Figure C: Mappy web site [80]

This announcement is not oriented to by the other colleagues co-present, who continue to attend to their own work. Sara, another colleague, announces she has found a solution to a problem that had previously arisen (68–69) and engages in an exchange with Elena (70–87), closed by her "okay" (87). This exchange suspends Elena's activities on the screen; as soon as it is closed, her attention comes back to the same web page which is scrolled while she formulates her next question ("wait a minute, what are they telling me about the distance" 88): this produces a new discovery and a new expression of surprise ("ah oui:::" 90), followed by an evaluation ("four hundred kilometers, it's huge." 92) uttered while she again picks up the preceding call's report. The "discovery" of the exact mileage proposed to the taxi driver retrospectively occasions a reinterpretation of his refusal—and this aspect is recycled as an explicative account when the customer calls back later on. Thus, the post-call achievement in the search for the exact geographical information about the itinerary and the distance enables both a re-evaluation of the output of the previous call and the organization of the next calls, leading to the resolution of the problem. [81]

5. Conclusion: Beyond the Unity and Autonomy of the Call

In this paper, I have outlined the rich tradition of telephone call analysis and its recent developments taking into account new technological mediations as well as new recording devices. The aim of the analyses pursued here is to contribute to this ongoing research, identifying the potentialities and difficulties of using video to explore a domain that has been studied for a long time on the basis of audio data. [82]

The analyses developed in this paper have focused on three key sequential positions within the overall structure of calls: the pre-beginning, the middle and the post-closing of the call. For these positions, I have analyzed various ways in which activities related to the call develop beyond the call itself: between calls, and before the opening of the subsequent one, the operator engages in other activities, which can be interrupted, suspended, accelerated or perturbed by the incoming ringtones (3.1); during calls, either the operator or another co-participant can initiate suspension of the call and engage in other activities, autonomous or in the service of the task pursued in the call (3.2); after the end of calls, activities related to the call are pursued and produce a retrospective revision of what happened in the call as well as a prospective reorientation of the next activities (3.3). [83]
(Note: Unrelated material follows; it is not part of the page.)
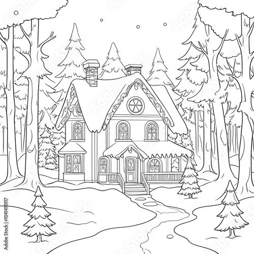 Obraz premium Coloring page with a house in the winter forest with a Christmas tree

These analyses are made possible by video documentation of the activity in the call center: video data contribute less to the analysis of the interactions between caller and operator, which are organized on the basis of mutually available hearable resources, than to the analysis of the activity of the operator, which comprise the call but are not reducible to it. Thus, video operates a switch in the analytical focus from talk-in-interaction within the call to talk-and-other-conducts within the workplace activities. [84]
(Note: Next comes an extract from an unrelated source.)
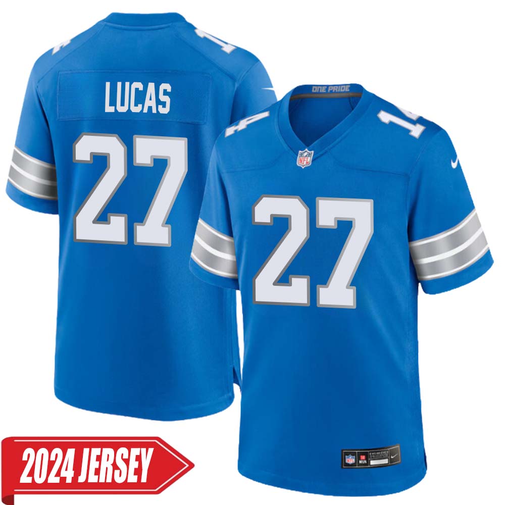 Chase Lucas No 27 Men’s Detroit Lions Home Game 2024 Jersey – Blue

This new focus of analytical interest deals with topics that cannot be studied without video recordings, such as multi-activity. Multi-activity emerges as a pervasive feature of contemporary workplaces, characterized by simultaneous flows of action which:

  • can be either independent one from another or one in the service of another;

  • are temporally related in a fine-grained way although involving different paces, different time units, different temporal organizations;

  • can be distributed in a dynamic way between a "main" and a "secondary" activity, between a "background" and a "foreground";

  • can be sensitive to the sequential relevancies of the foregrounded talk, although having different sequential implications and different temporal boundaries. [85]
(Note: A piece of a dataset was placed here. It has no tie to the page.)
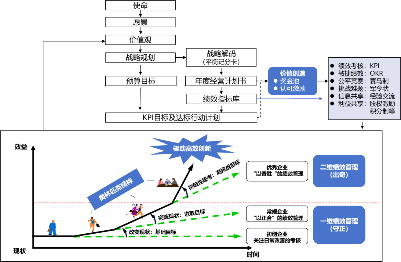 “不谋全局者,不足以谋一域”。绩效管理是一个比较复杂的系统,要做好绩效管理体系如同建造一幢房子,首先是要设计好房子的“框架”,其次才是规划好房屋的建筑结构,根据梁、柱、墙等主要承重构件的建筑材料分门别类进行设计规划,根据“框架”的情况,按计划完成施工与装修。“大道至简”,为了向大家讲清楚绩效管理体系的运行轨道,绘制了二维绩效管理模式运作架构,作为了解绩效管理全貌的导航路径。

In order to account for these activities, their unfolding, their coordination, their particular modes of intertwinement, a detailed transcript is necessary, taking into consideration various temporal organizations and synchronizations of different actions. [86]

In this context, the phone call, as seen from the operator's point of view, and from the perspective of the achievement of her work activity, is questioned in its autonomy and unity:

  • call's boundaries are expanded, showing the importance of call's pre-beginnings (where contents, tasks, problems, caller's identity are eventually guessed and projected) and of call's post-closings (where retrospective assessments, accounts, stances and interpretations are expressed, and where the activity initiated within the call is pursued and expanded, and other activities are prospectively launched);

  • calls are characterized by a pervasive multi-activity;

  • calls are not linearly distributed, but often operators are faced with various incoming calls at the same time, having to suspend, to hierarchize and juxtapose them;

  • calls are not unique and acquire the sense being in a flow of calls-in-a-series, comprising follow-up calls, second calls, people calling back, new calls arising from previous ones, etc.;

  • from the perspective of the operator, the relevant unit of her working activity is constituted by the "case" to handle and to solve, constituted by different calls and other activities, more than by single calls;

  • in this sense, the operator is not just a "call taker" but also a "dispatcher," a "partner," a "customer" of other institutions and services, and manages different tasks, with different co-participants, for the resolution of the "case"—acquiring different membership categories, related to different category-bound activities (SACKS, 1972). [87]

While ethnography can produce a sense of the complexity of these multiple activities, video is the only way of documenting them for a sequential analysis accounting for the temporally fine-grained coordination between the mobilization of multimodal resources (talk, facial expressions, gestures, glances, bodily postures, objects manipulations, etc.), the timed use of artefacts and technologies, the constant rearrangement of participant frameworks and the changing foci of attention. [88]


This paper is written in the context of the project ICA, "Interactions in call centers/Interactions dans des centers d'appel" focused on the analysis of video recorded activities in call centers. I thank all operators for their collaboration, as well as Isabel COLON, Clémentine HUGOL-GENTIAL, Camila Diana AMAYA, Vicky MARKAKI and Sara MERLINO who contributed to the project. The support of PHC / Galileo Program 2008 is gratefully acknowledged.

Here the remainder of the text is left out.